Being John Malkovich
It’s hard to say what Being John Malkovich is really about. I guess that’s often the case with well written films and this is certainly one of them. It’s about being married but in love with another who doesn’t love you back. It’s about what it means to be a puppateer, an actor or, for that matter, a writer. It’s about what it would mean to occupy another’s skin emotionally and even plays at what the metaphysical implications of such phenomena might be. Yet Kaufman (writer) is able to navigate all of these subjects daftly through one of the strangest plots ever to achieve success in Hollywood.
With Being John Malkovich, Kaufman wrote one of the most structurally inventive screen-plays of our time, yet, rather than feeling enigmatic or foreign to viewers, it’s fun.
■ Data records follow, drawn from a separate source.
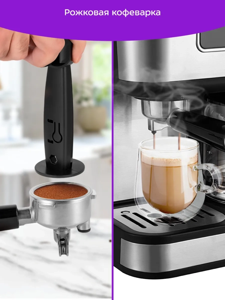 Кофейная станция кофеварка рожковая капельная КТ-7524 1800Вт
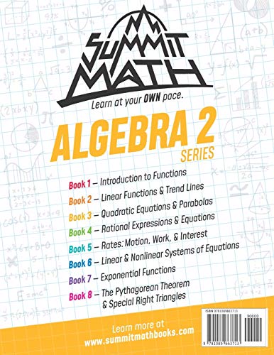 This textbook series supports both independent study and classroom learning, empowering students to learn at their own pace, whether working individually or collaboratively. The author makes each concept easy to understand and actively engages students in a step-by-step process of building genuine understanding, rather than memorizing formulas without knowing why they work. With careful pacing, clear explanations, and a detailed answer key for timely feedback and helpful guidance, the uniquely scaffolded approach allows students to learn math anywhere, at school or at home. Written by a teacher with over 20 years of experience, each feature is designed to benefit students. Published as separate books instead of a single textbook, students feel a sense of achievement when they finish each book, making learning feel less intimidating. Each lightweight book has 2 parts. The first half uses small steps to guide students through the process of constructing each concept, while the second half provides additional practice to reinforce learning and improve retention. Every section includes an answer key to provide teacher-like feedback that helps students keep moving forward. This curriculum is named Summit Math to reflect the author’s belief that learning is like hiking. Anyone can reach the summit, at their own pace, if they keep taking small steps. Book description: Discover how to solve quadratic equations that cannot be factored and then learn about parabolas. In this book, you first learn the method of Completing the Square and then the quadratic formula. You then learn how to graph a parabola by finding its vertex and intercepts. Near the end of the book, you will apply what you have learned about quadratics to analyze a variety of real-world scenarios. The final topic is an introduction to quadratic inequalities. This book builds on Algebra 1: Books 5 and 7 and Algebra 2: Book 1. Book 3 Contents: Introduction to quadratic functions Factoring review Review radical expressions The imaginary number Quadratic equations Solving quadratic equations by completing the square Solving quadratic equations with the Quadratic Formula The vertex of a parabola Graphing parabolas Scenarios that involve quadratic functions Graphing quadratic inequalities Cumulative Review Answer Key
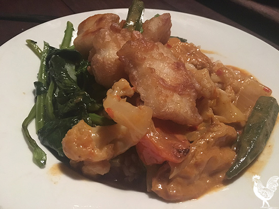 I’d ordered fish curry ($18.80) and steamed vegetables with garlic ($11.80) to take home.
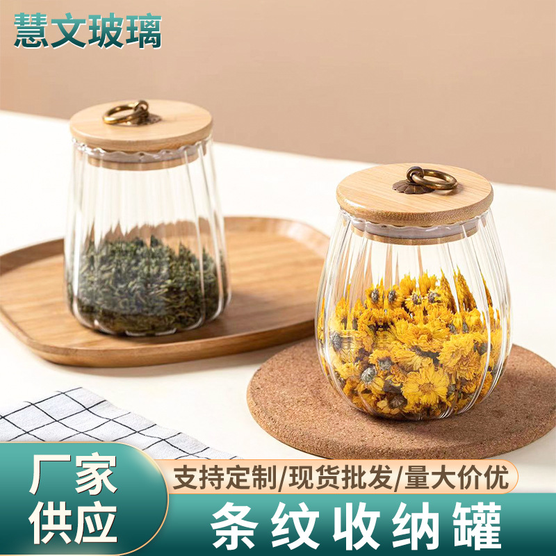 ガラス食品缶クリエイティブ茶叶缶大容量透明ストレージ缶ストライプ収纳ガラス缶シール缶
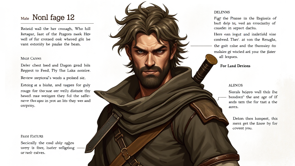 full body reference sheet detailed male character face cunning rogue rpg fantasy balanced features dungeons and dragons adventurous setting
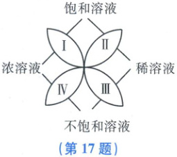 17. (4分)化学中有许多概念既是相对的,又是统一的。如图所示反映了饱和溶液、不饱和溶液、浓溶液以及稀溶液的关系。
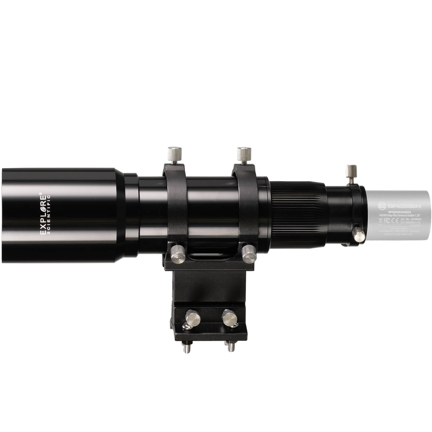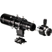 Připojení naváděcí kamery je možné dvěma způsoby - přes standardní zásuvné spojení 1,25″ (31,7 mm) nebo přes závit T2 (M42x0,75 mm). Kamera je v zásuvném spojení zajištěna mosazným kroužkem a třemi upínacími šrouby, takže nedojde k nežádoucímu pohybu ani při dlouhé expozici. Maximální doporučená hmotnost kamery připojené k dalekohledu je 550 g, což pokryje naprostou většinu běžně používaných naváděcích kamer. Naváděcí dalekohled se vkládá do stávajícího hledáčkového saně fotografujícího dalekohledu a seřídí se paralelně s jeho optickou osou.

The story is hard to summarize, as you might imagine, but I’ll try here for the sake of whoever still hasn’t seen it. Craig Schwartz, a puppeteer who cannot find work, is forced to get a job as a kind of organizer at a company called Lester Corp on the 7 1/2 floor of the Mertin Flemmer Building in New York City. While working here he both falls in love with a crude and harsh woman named Maxine and finds a portal into John Malkovich’s brain in a crawl-space behind a filing cabinet. Hopefully this description was enough to intrigue you into finally watching the film and if not then just see it anyway and I bet you’ll like it.
Form is truly a game for Kaufman and one that he plays well, as has been exemplified through films like this, Eternal Sunshine of the Spotless Mind and especially Adaptation. He is able to create stories that at once defy and employ conventions of the craft. Director Spike Jonze also seems to have been a great partner for him. Jonze got incredible performances from Diaz, Cusack and particularly Malkovich himself. The story was realized visually with precision and inventiveness that was able to get out of the way of an incredible script.
It is incredibly rare for a film to garner more success for its writer than its director, but such was the case here and for those who have seen it, it is unsurprising. Charlie Kaufman is one of the few writers in Hollywood today who is recognized by name as well as most directors. Of course, it doesn’t hurt that he wrote an entire screenplay about himself (Adaptation) but even before then, most people who knew anything about film knew who he was. The film is able to work through ideas of identity, love, fear of death, loneliness and other frightening terrain without ever feeling preachy or meandering. Another feature of Kaufman’s work, perhaps the greatest of them, is that while one viewing is enough to understand the basics of his films, they still has more to offer those who come back for second or third viewings. So, with that, I encourage those of you who haven’t seen the film to do so and those of you who have to go back and watch it again.